All that is missing is Trump himself.
“She didn’t say anything mean, and I absolutely will not throw her under the bus, or anyone else who is a friend of mine,” Vance said.
Self-funded financier Mike Gibbons and former state treasurer Josh Mandel also aggressively courted Trump. Gibbons has cast himself as a candidate in the Trump mold: a former businessman with no real political background and with experience making money in systems he would now like to reform.
“You have never been in the private sector in your entire life. You don’t know anything,” Gibbons said.
Everything is unfolding without Trump publicly weighing in on the race. The former president has waded into other competitive Senate primaries, including soon in neighboring Pennsylvania, where he told The Washington Post on Wednesday that he will make an endorsement in “about a week.”
Mandel and Gibbons led the pack in most polls. But Timken and Vance also have some support, and all four have flooded the airwaves with publicity.
Meanwhile, Dolan is trying to tap into concerns among some Republicans that the race to appease Trump and woo his most ardent supporters in the primary could ultimately hurt the GOP’s chances of retaining the seat in November.
a changing state
Some, however, continue to be successful there. Democratic Senator Sherrod Brown won re-election in 2018, posting a 7-point victory as Republicans swept all executive races statewide. And Democrats have also won a handful of court battles across the state.
Still, for a Democrat to win in Ohio, a large section of independents and Republicans would have to find the Republican candidate unacceptable.
With control of a Senate now split 50-50 on the line, losses in any combination of those states could jeopardize Republican hopes for what should otherwise be a good midterm for the party in question. the current political environment.

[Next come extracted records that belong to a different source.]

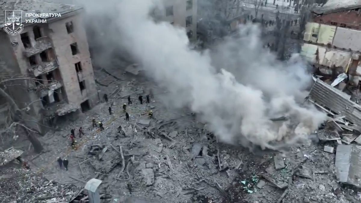 Ruský úder na obytnou výškovou budovu v Charkově. Záběry z dronu ukazují zkázu
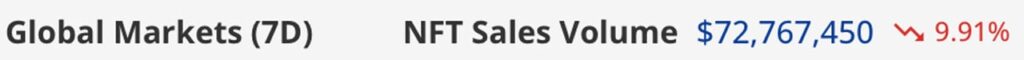 Gross sales of non-fungible tokens (NFTs) have slid as soon as extra this week, dipping to 9.91% beneath the previous week’s figures. Knowledge reveals that within the span from September 24 to October 1, 2023, round $72,767,450 value of NFT gross sales have been logged, marking the newest seven-day stretch.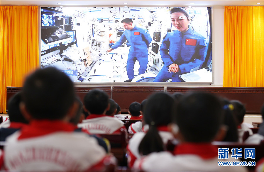 3月23日,小學生在貴州省黔東南苗族侗族自治州丹寨縣城關第二小學觀看“天宮課堂”電視直播。新華網發(黃曉海 攝)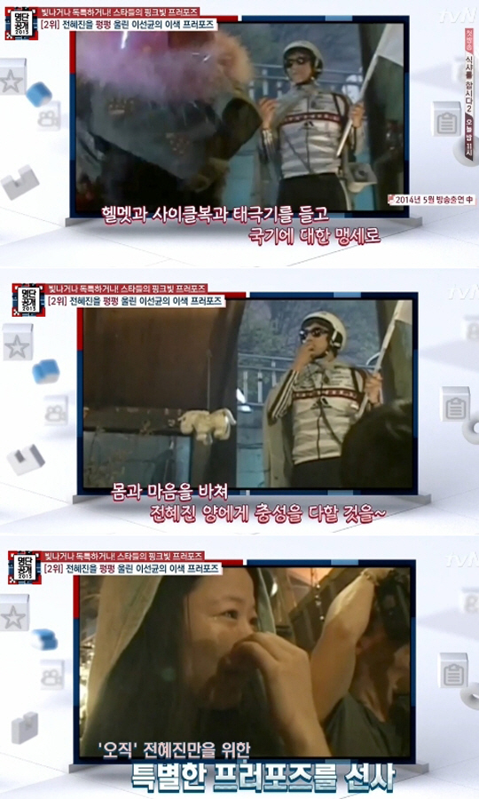 이선균은 헬멧과 사이클복 차림에 태극기를 들고 '국기에 대한 맹세'를 전혜진에 대한 충성 맹세로 바꿔 프러포즈에 나섰다. 결국 이선균과 전혜진은 2009년 5월 화촉을 밝혔다.

In Ohio, Democratic strategists say privately that the Republican who would be the hardest to beat in November is the one they are most certain GOP primary voters won’t nominate: Dolan. Democrats see the state senator, whose family owns the Cleveland Guardians baseball team, in the mold of Portman, who has held the seat since 2011. Unlike his rivals, including Mandel, who say the 2020 election went to him stolen from Trump, Dolan has acknowledged reality. of Joe Biden’s victory.
“Let me be very clear, Joe Biden is the rightful president of the United States,” Dolan said at the Wilberforce debate. “My problem is that he is a failed president.”
Leaning into the culture wars
TV ad battles have also seen Republican candidates make cultural arguments, with Mandel and Vance launching ads in recent days attempting to play on conservatives’ frustrations with their positions being labeled “racist”.
But the set design of the ad also generated controversy. The 30-second spot shows Mandel standing on the Edmund Pettus Bridge in Selma, Alabama, the historic site where peaceful civil rights activists were beaten by police during a 1965 march.
“Martin Luther King marched right here so skin color didn’t matter,” says Mandel.
She also tweeted a thank you to King’s daughter, Bernice King, and the King Center “for motivating me to film this ad. My visit to Selma was powerful and inspiring and I look forward to returning and bringing my children.”
“Your father knew the importance of the Second Amendment when he tried to exercise his right to self-defense,” he said, “and was wrongly denied a gun permit by anti-gun racists.”
Portman has endorsed Timken, who, however, frequently reminds the public that Trump has endorsed her before.
“To make a long story short, he was there from the beginning for President Trump,” Mandel said of Lewandowski in the Wilberforce debate, a comment that also underscored Mandel’s apparent belief that his only viable rival is Gibbons.
Only Dolan, in another debate this week, raised the issue of Lewandowski’s hiring, saying Timken “has not yet explained” to voters why it hired Lewandowski, “who has been investigated for assault on women.”
“Corey Lewandowski is a friend of mine,” Timken replied. “He knows that I have been in the trenches fighting for America First policies because Corey came to Ohio and campaigned for President Trump with me.”